Vincennes, le 28 juin 2017

COMMUNIQUÉ DE PRESSE

Les juges d’instruction et le Parquet préparent des non-lieu en série

 

« il est impossible de dater le moment de la commission de la faute et donc de l’imputer à quiconque »,  explique le Parquet dans ses réquisitions appuyant la position des magistrats qui viennent d’annoncer aux plaignants la clôture de l’instruction. Ainsi seront motivés les non-lieu en préparation. L’Andeva et la Fnath contestent l’interprétation frauduleuse d’une expertise scientifique pour lui faire dire le contraire de ce qu’elle dit. Elles dénoncent un énorme scandale judiciaire.

21 ans après le dépôt des premières plaintes, c’est bien un enterrement de première classe qui se prépare. La lecture de l’« ordonnance de soit communiqué » transmise le 7 juin au Procureur de la République ne laisse aucun doute à ce sujet.

Révélée par le journal « Le Monde », cette ordonnance justifie une clôture annoncée de l’instruction par le constat de « l’impossibilité de poursuivre utilement cette information judiciaire », l’incertitude sur la « date d’intoxication » ne permettant pas, selon eux, de « réunir des charges qui pourraient être imputées à quiconque des chefs d’homicide ou blessures involontaires ». 

Les avocats des parties civiles qui réclamaient en vain depuis plusieurs mois d’être reçus par les juges d’instruction, ont été les premiers surpris par cette ordonnance, comme ils ont été surpris de l’inhabituelle célérité du Parquet, qui – moins d’une semaine après – s’est empressé de légitimer cette clôture de l’instruction au motif qu’il « est impossible de dater le moment de la commission de la faute et donc de l’imputer à quiconque ».

100 000 morts de l’amiante annoncées, 21 ans d’instruction pour en arriver là ! C’est un véritable naufrage de l’institution judiciaire.

L’argument invoqué mérite attention. Il prétend en effet s’appuyer sur un rapport d’expertise rendu le 22 février 2017 auquel les magistrats font dire le contraire de ce qu’il dit.

Les trois scientifiques auteurs du rapport expliquent en effet que « pour l’amiante, l’exposition est synonyme de contamination[1] en l’absence de mesures de protection » et que «  dans un modèle de risque « sans seuil »[2] l’intoxication[3] est par définition concomitante de la contamination ». Ce n’est donc pas une date mais une période d’exposition que les magistrats auraient dû retenir pour  établir la certitude d’un lien de causalité entre la faute pénale et le dommage des victimes.
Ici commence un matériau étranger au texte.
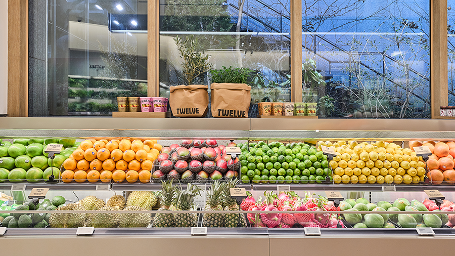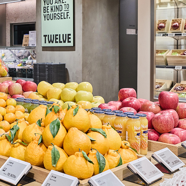 트웰브는 일반적인 식품관과 달리 식품, 리빙, 다이닝, 패션 요소를 아우르는 공간으로 구성됐다. 디스플레이 방식도 패션 편집숍의 문법을 적용해 과일과 채소 등 식재료를 마치 하나의 오브제처럼 연출했다고.

L’argument des juges d’instruction et du parquet est suffisamment général pour faire prospérer des non-lieu pour tous les responsables, petits ou grands, qui avaient été mis en examen dans tous les dossiers pénaux de l’amiante. .Dans l’immédiat la clôture de l’instruction a été notifiée dans une vingtaine de dossiers dont ceux d’Eternit, Valeo ou Everite (Saint-Gobain). Ceux de Jussieu ou de la Normed risquent de prendre le même chemin.

La portée de ces décisions va bien au-delà des victimes de l’amiante. Des décisions analogues pourraient demain s’appliquer aux victimes de produits à effets différé (cancérogènes, mutagènes ou reprotoxiques). Cela reviendrait à délivrer par avance un « permis de tuer » aux auteurs de crimes industriels « non datables ».

L’heure est grave. Les enjeux sont considérables.

Nous sommes tous concernés : les victimes de l’amiante et du travail, les organisations syndicales, les défenseurs de la vie et de la santé au travail ainsi que tous ceux qui croient encore à la justice. Ensemble, nous devons faire entendre notre voix.

L’Andeva et la Fnath feront immédiatement appel si les ordonnances de non-lieu annoncées sont rendues.

 

 

[1] Présence d’amiante dans l’organisme

 

[2] Pour l’amiante, comme pour d’autres cancérogènes, il n’existe pas de seuil d’exposition en-dessous duquel l’absence de tout effet cancérogène serait avérée.